Sunday, September 20, 2015

The Importance of Beauty in Catholic Life

An interview with artist Daniel Mitsui:
Catholicism is traditional. It contends that the Apostles received a Revelation almost two thousand years ago; their witness was preserved in a law of worship which establishes our law of belief. This idea affects every aspect of Catholic life, including art. The conviction of Catholic artists, everywhere at least through the Middle Ages, was that they were preserving an ancient memory; this was succinctly expressed at the Second Council of Nicea: The composition of religious imagery is not left to the initiative of artists, but is formed upon principles laid down by the Catholic Church and by religious tradition ... The execution alone belongs to the painter; the selection and arrangement of subject belong to the Fathers.

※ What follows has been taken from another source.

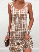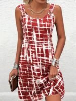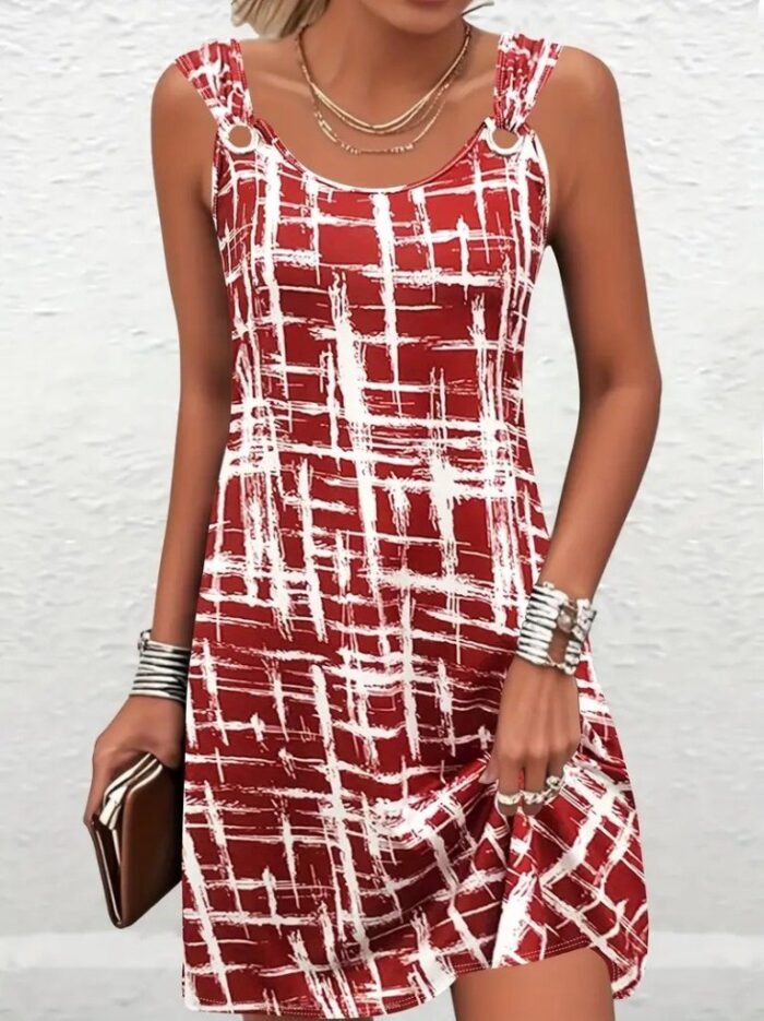 Kadın Askılı Kuş Gözü Detaylı Desenli Süprem Elbise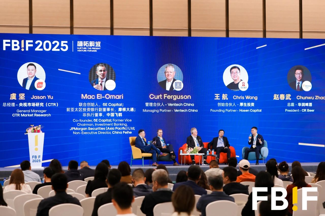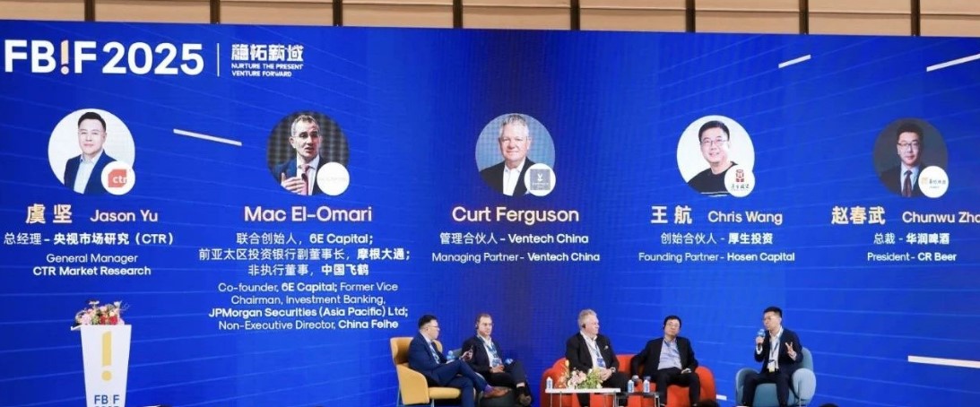 CTR央视市场研究总经理虞坚,6E Capital联合创始人、摩根大通前亚太区投资银行副董事长、中国飞鹤非执行董事Mac El-Omari,Ventech China管理合伙人Curt Ferguson,厚生投资创始合伙人王航,华润啤酒总裁赵春武

Of course, there is development in Catholic art over time. St. Vincent of Lerins says that authentic development of tradition is like the growth of a body; it looks different in maturity than in infancy, but it has all the same parts. When I draw a scene from the Gospels, I study depictions of the same scene in the work of ancient and medieval Catholic artists. I look for selections and arrangements of subject that endure across historic and geographic boundaries, and perpetuate them as a matter of duty. Doing so makes me a participant in a tradition that stretches back to the very beginnings of Christianity. That is an awesome privilege.